Aviation Week: NASA To Request $17.7 Billion for FY2013
Officially, details about a President’s budget request are not supposed to be released by agencies prior to the White House giving the OK. Except for the Department of Defense and perhaps some high level messages the White House wants to preview, that usually means waiting until the complete budget request for the entire federal government is released. That event is scheduled for Monday, but information about what the request proposes for NASA has been leaking out. Aviation Week reveals today that the total NASA request will be $17.711 billion.
Frank Morring writes today that the request is “only an $89 million cut,” but ends NASA’s plans to participate in a robotic Mars mission with the European Space Agency (ESA). The impact of the FY2013 budget request on NASA-ESA Mars cooperation was publicized by the Washington Post yesterday, but that article did not include the total request for NASA.
While $17.711 billion is a small cut from what the agency received from Congress in FY2012, it is a substantial cut from the funding level that the Obama Administration projected for NASA last year. NASA’s FY2012 appropriated level is $17.800 billion, so by comparison the cut is indeed modest. In last year’s budget request, however, the White House Office of Management and Budget (OMB) projected that NASA would get $18.030 billion in FY2013. The White House allowed NASA to use higher projected spending levels in its own budget materials, keeping the agency level at $18.7 billion through FY2016. So a $17.711 billion request can be interpreted as a small cut of $89 million from its current level, or a huge cut of $1 billion from NASA’s own projections a year ago at this time.
Agencies like NASA that conduct multi-year research and development projects benefit from having an idea of what to expect in the future so they can effectively plan their programs. While any future year projection is just that, a projection not a promise, when it varies significantly from reality, the planning process becomes inefficient.
Aviation Week published additional details about the FY2013 budget request, which it says includes $830 million for commercial crew, $1.8 billion for the Space Launch System, $1 billion for the Orion Multi-Purpose Crew Vehicle, $3 billion for the International Space Station, $699 million for space technology development, and $500 million for aeronautics. The total amount for science is not mentioned, only the $300 million cut to the planetary science program (from $1.5 billion to $1.2 billion according to yesterday’s story in the Post).
The administration’s budget request is the first step in a lengthy process to determine how much the government can spend in FY2013. The new fiscal year starts on October 1, but few expect Congress to complete action on budgets before then. Meeting that October 1 deadline is a difficult task every year and especially challenging in an election year.
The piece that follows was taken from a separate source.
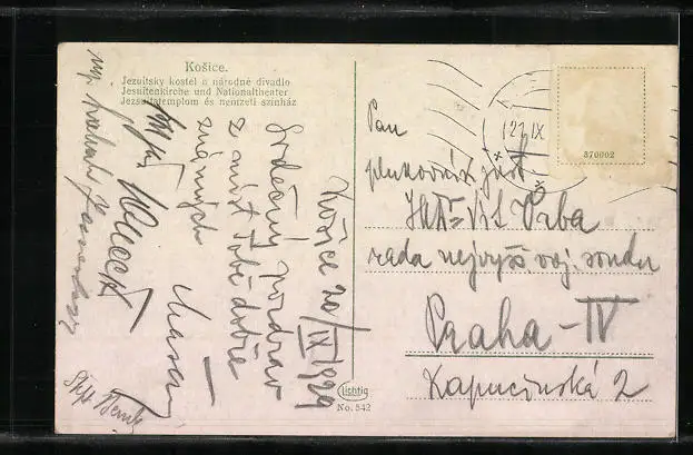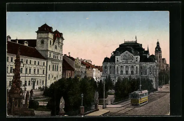 AK Kosice, Nationaltheater und Jesuitenkirche mit Strassenbahn
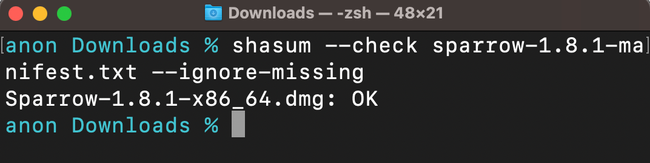 “shasum --check sparrow-1.8.1-manifest.txt –ignore-missing”

Editor’s Note: It is interesting to observe that some members of the media are getting access to the NASA budget material on a non-embargoed basis prior to Monday’s release. NASA had scheduled a meeting this afternoon where media representatives could learn about the budget if they agreed to an embargo where nothing could be published before Monday. That embargoed briefing was canceled about two hours before it was scheduled to occur. One cannot help but wonder who is leaking the information to favored publications without restrictions. The obvious intent of the Washington Post story yesterday was to rally support for the Mars exploration program. Today’s story in Aviation Week does not seem to have a bias, but does portray the cuts to NASA overall as being far less dramatic and may assuage some concerns.